The topic of the meeting was "Anti-Semitism on Campus." My father was pretty 
shocked and deeply embarrassed when Exhibit A of this phenomenon turned out to 
be something I'd published in a student newspaper condemning an Israeli raid on 
Lebanon.  
  By then, I was an activist in the anti-apartheid movement in South Africa, 
which was consuming most of my energies. Having been an active left-Zionist in 
my teenage years, I had, however, retained an interest in the Middle East -- 
and, of course, we all knew that Israel was the South African white apartheid 
regime's most important ally, arming its security forces in defiance of a UN 
arms embargo. Even back then, the connection between the circumstances of black 
people under apartheid, and those of Palestinians under occupation in the West 
Bank and Gaza, seemed obvious enough to me and to many other Jews in the South 
African liberation movement: Both were peoples harshly ruled over by a state 
that denied them the rights of citizenship.  
  Still, this was a first.
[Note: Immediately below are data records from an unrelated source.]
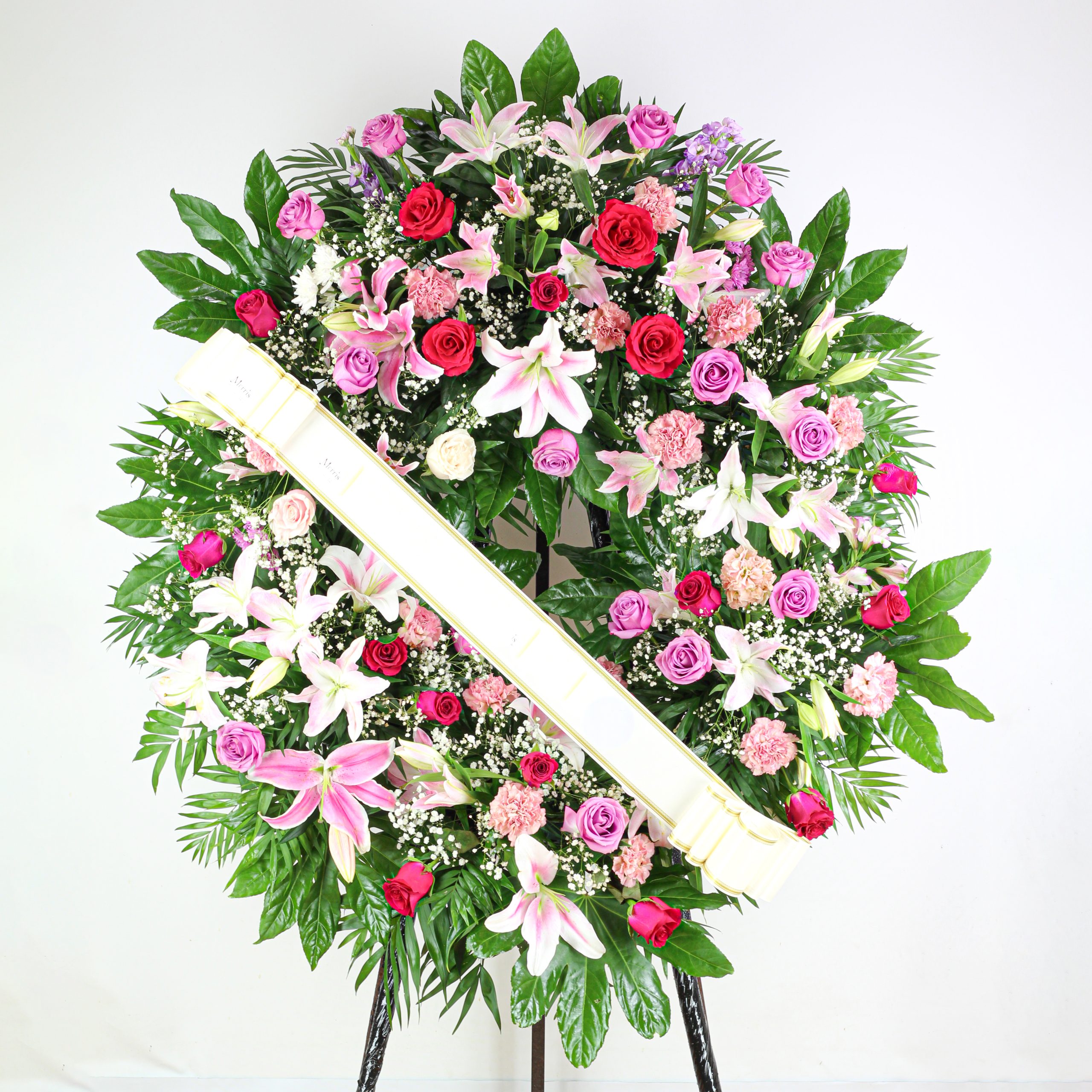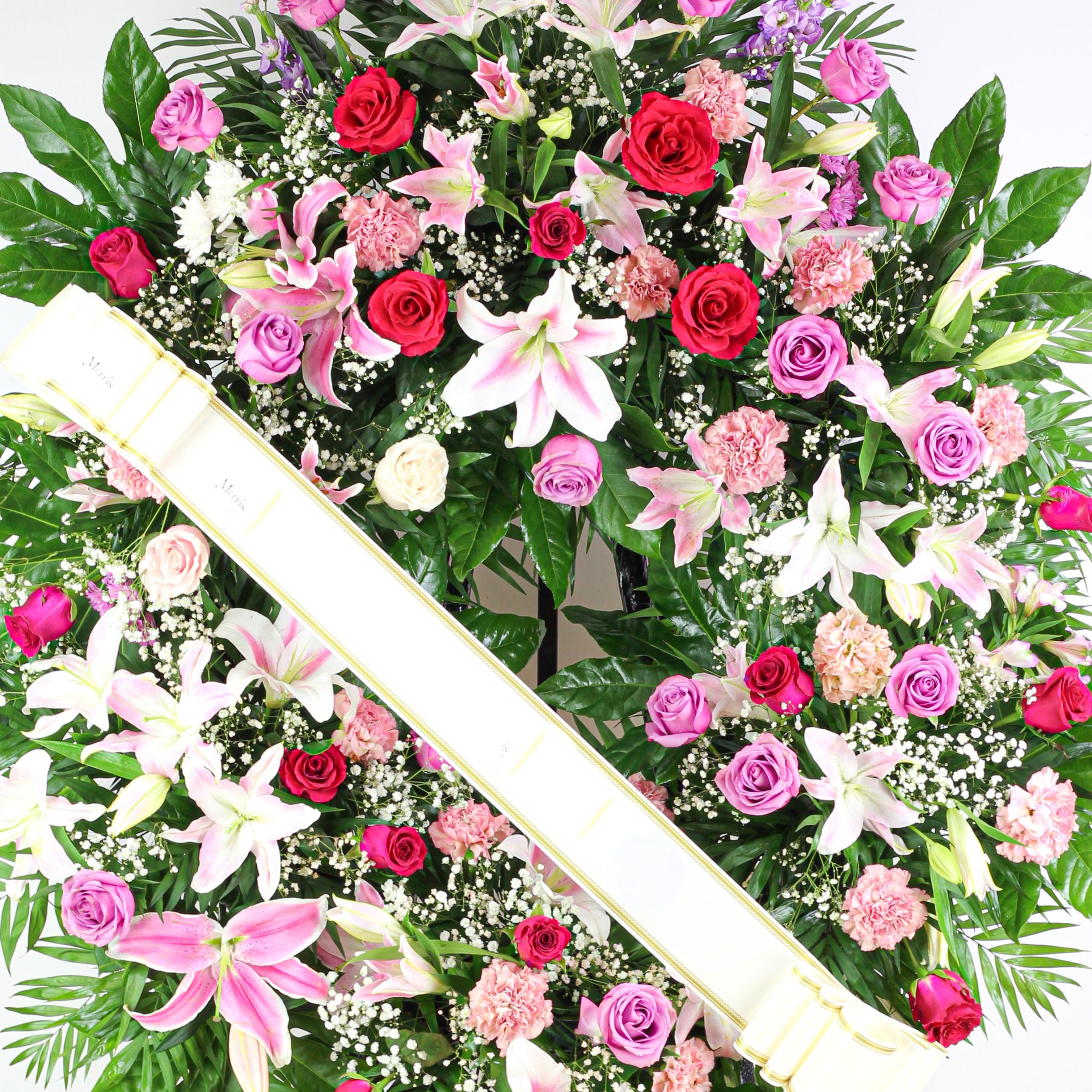 La corona Paradis es una de nuestras coronas mas especiales y lujosas, sus tonos blancos, fucsias, rosados y verdes desprenden luz, amor y condolencias a esa persona especial en momentos difíciles de luto.
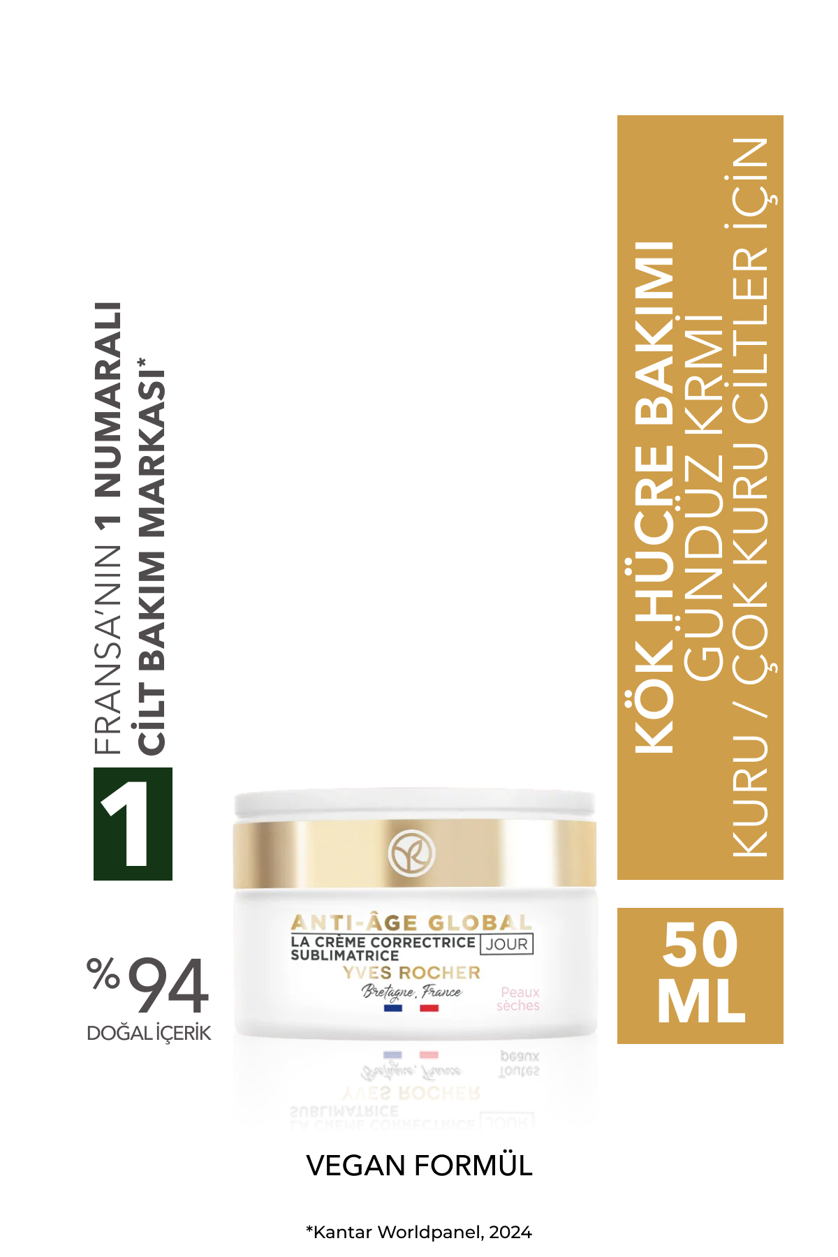 Yves Rocher Yaşlanma Karşıtı Bitkisel Kök Hücre Bakımı Anti-Age Global - Hyaluronik Asit -Kuru Cilt Gündüz Kremi ürünü ucuz fiyat, hızlı kargo imkanı ile hemen sitemizden sipariş verin.
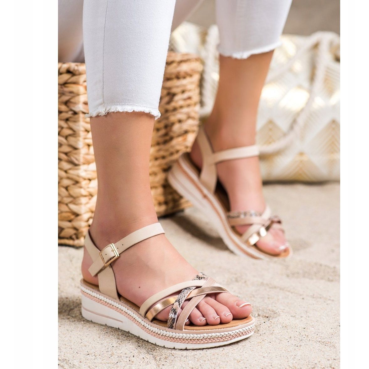 Groto Gogo Groto Gogo Modne sandale na niskom klinu bež ružičasta
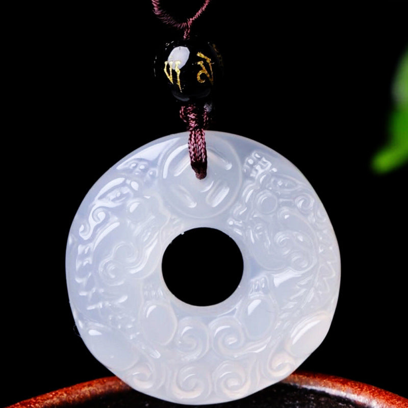 This pendant features a beautiful Agate Chalcedony double fair clasp design, perfect for both men and women.
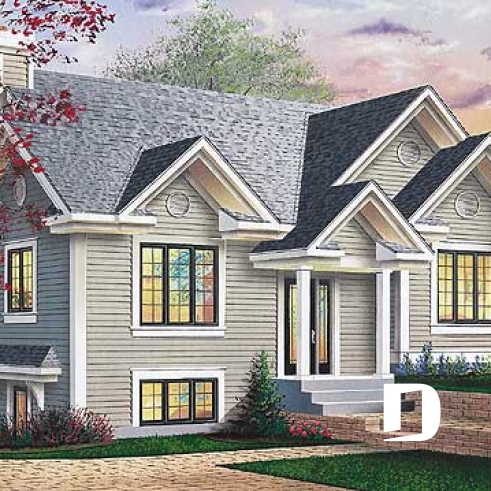 En proposant une entrée split et un accès direct au sous-sol, ce modèle, plan # 2131 aussi nommé Le Cape, s’apparente davantage à une maison à étage qu’à une maison de plain-pied. En effet, sa fenestration abondante, sa grande terrasse à l’arrière et son look ressorti de terre en font une maison très lumineuse et d’une certaine envergure.
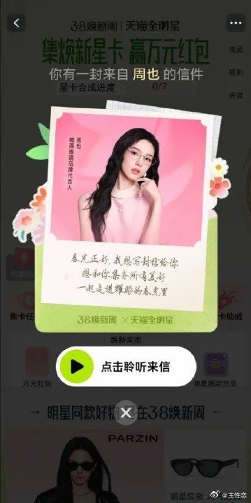 周也天猫全明星春日来新谁懂啊 周也的春日语音也太治愈了吧 上淘宝搜周也 集星卡就
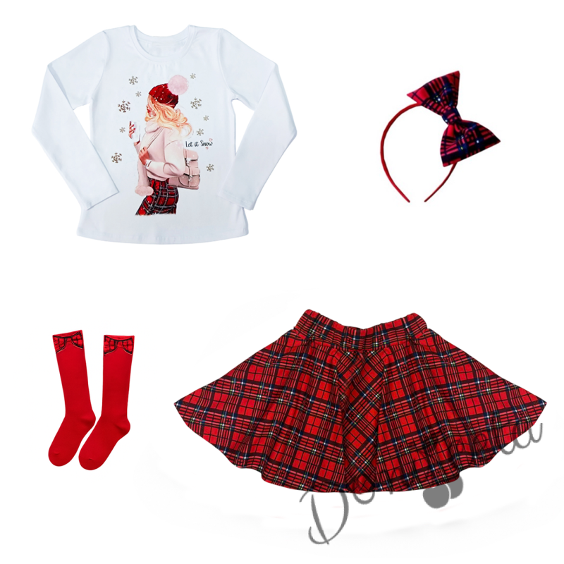 Комплект за момиче от 4 части-пола клош от трико Роси в каре, блуза с дълъг ръкав в бяло с коледна картинка, чорапи с панделка и диадема
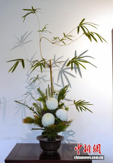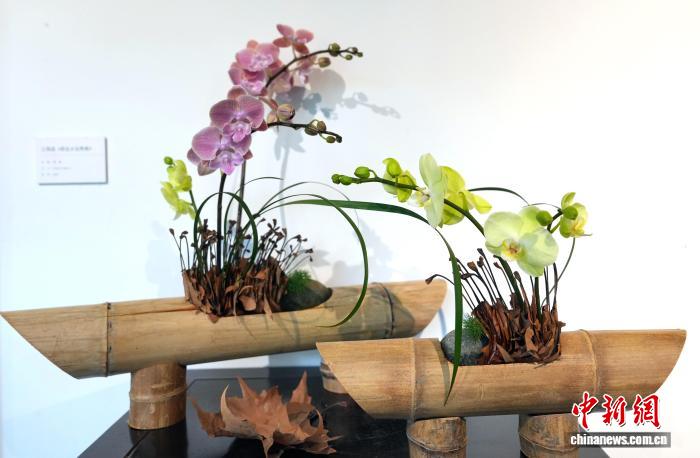 12月29日,四川省第一届“中国式插花”艺术展在成都杜甫草堂博物馆开展。此次展览由四川省花卉协会、成都杜甫草堂博物馆联合主办,以“诗花相和 梅香草堂”为主题,展览汇聚了众多插花艺术名家、青年花艺师50余件精品力作。图为展出的作品《拟香》。中新社记者 安源 摄
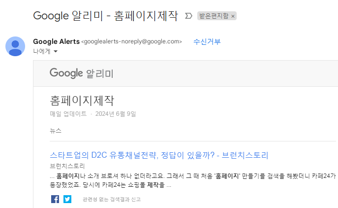 매번 자주 검색을 하는 단어들이 정해져 있다면 구글 에서 제공하는 알리미 기능을 이용하면 편하게 메일로 검색 결과를 받아 볼 수 있습니다.
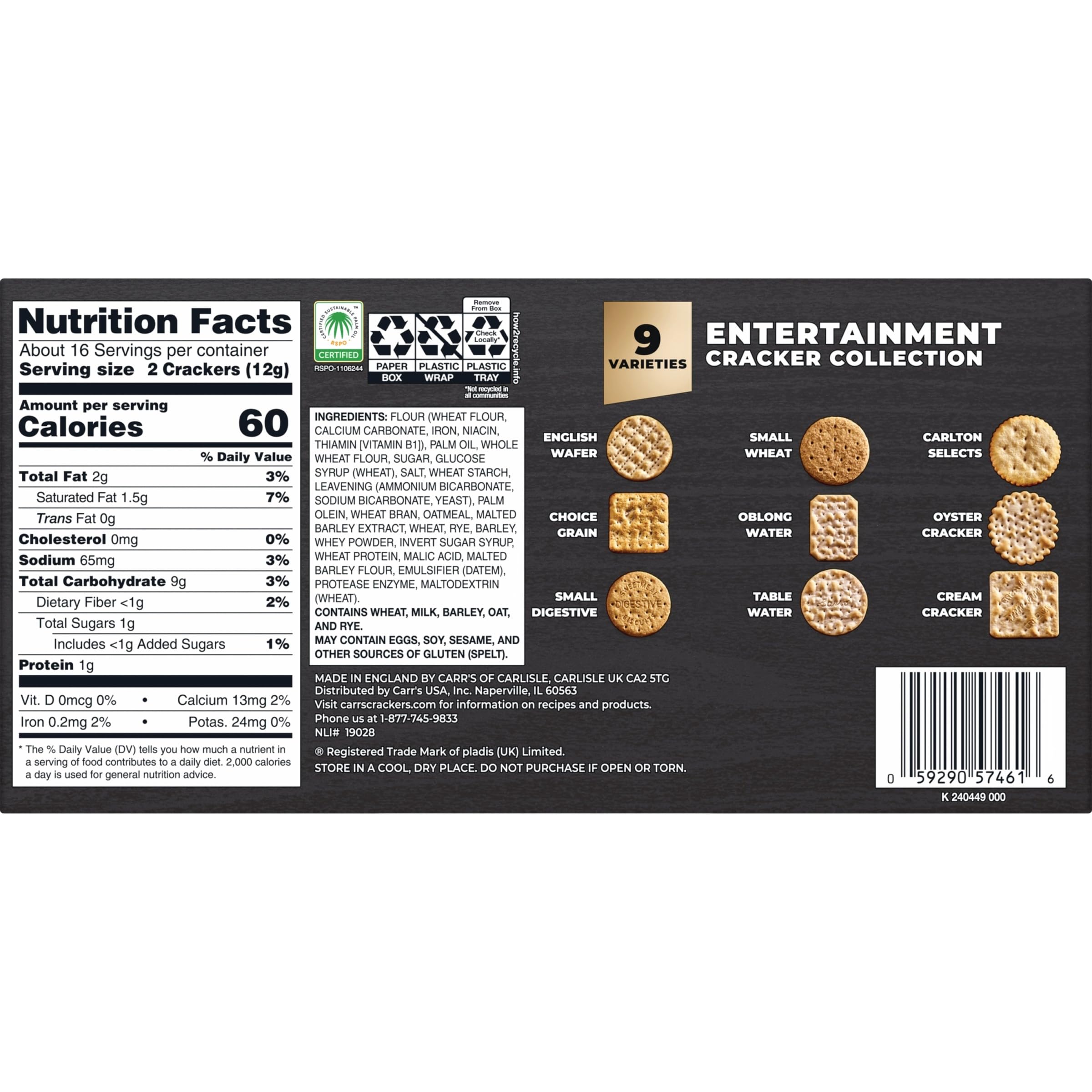 - Includes 1, 7.05-ounce box containing English Wafer, Choice Grain, Small Digestive, Small Wheat, Oblong Wafer, Table Water, Carlton Selects, Oyster, and Cream crackers
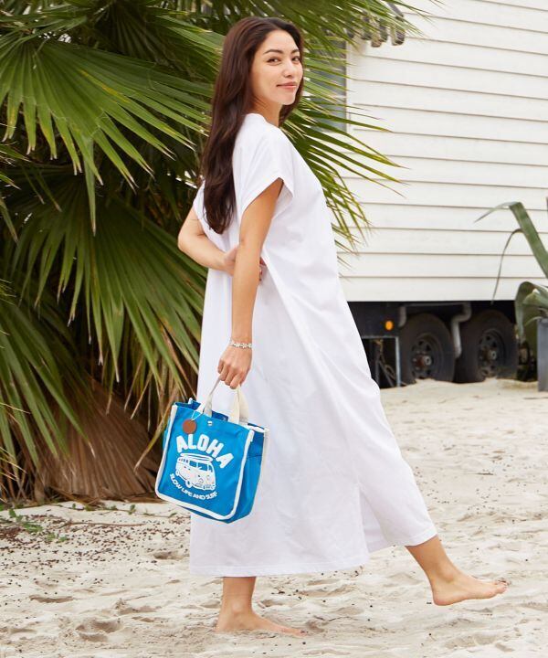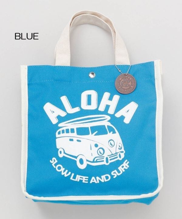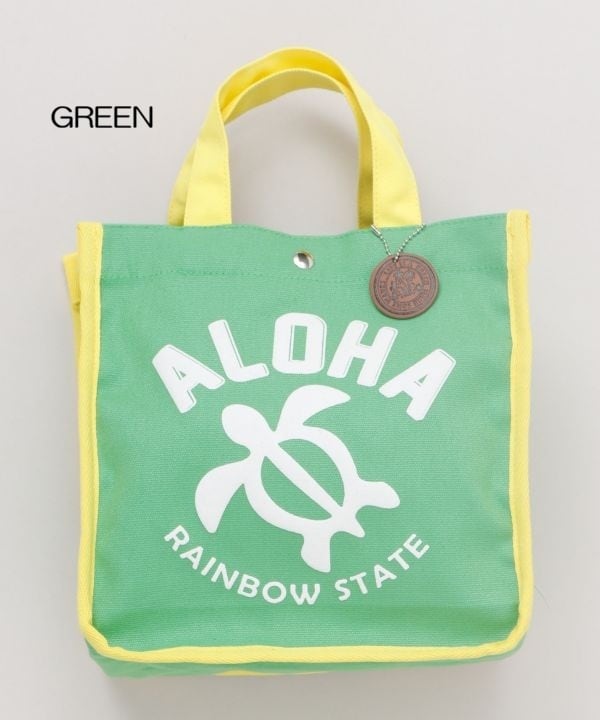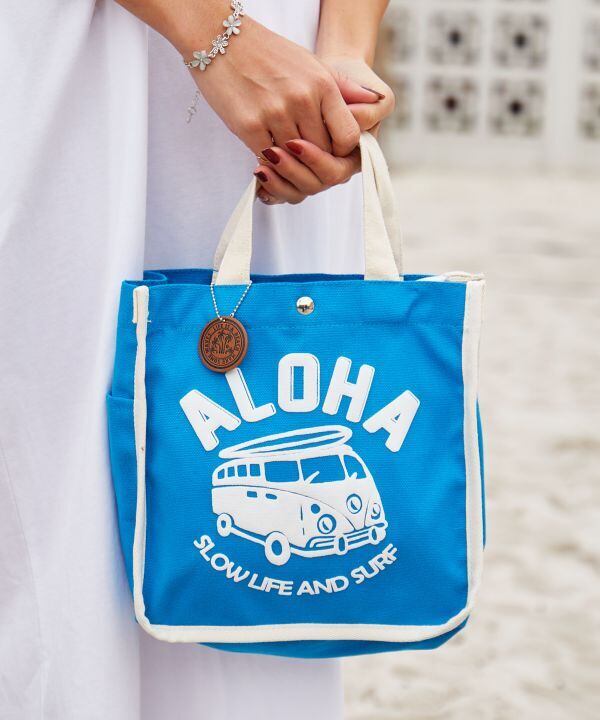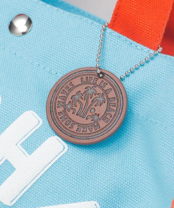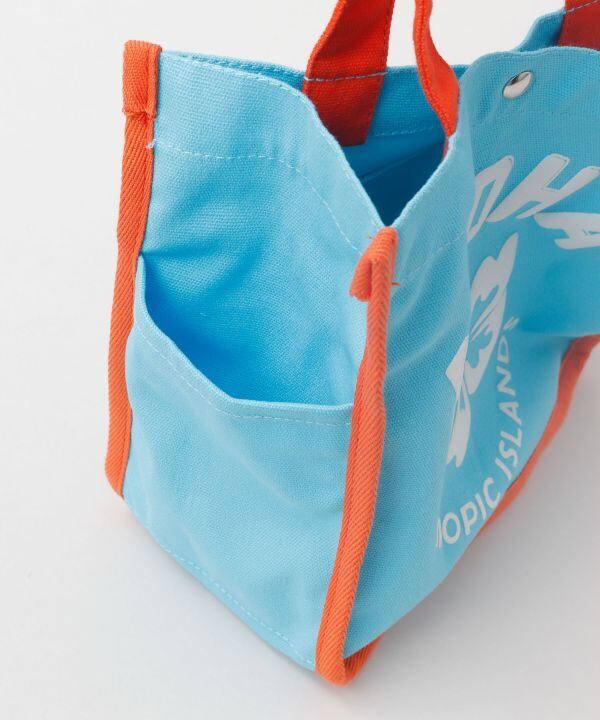 パイピングの配色が印象的なミニトート。便利なサイドポケットが2個ついており、ヤシが刻印された合皮のチャームもポイント。ハワイを連想させるデザインが発泡プリントで施され,お出かけをより一層楽しくさせてくれます。内ポケット付き。

I could recite the kiddush from memory, sing old 
kibbutznik anthems and curse in Yiddish. I had been called a "bloody Jew" many 
times, but never an anti-Semite or a self-hating Jew. What quickly became clear 
to me, though, was the purpose of that "self-hating" smear -- to marginalize 
Jews who dissent from Zionism, the nationalist ideology of Jewish statehood, in 
order to warn others off expressing similar views.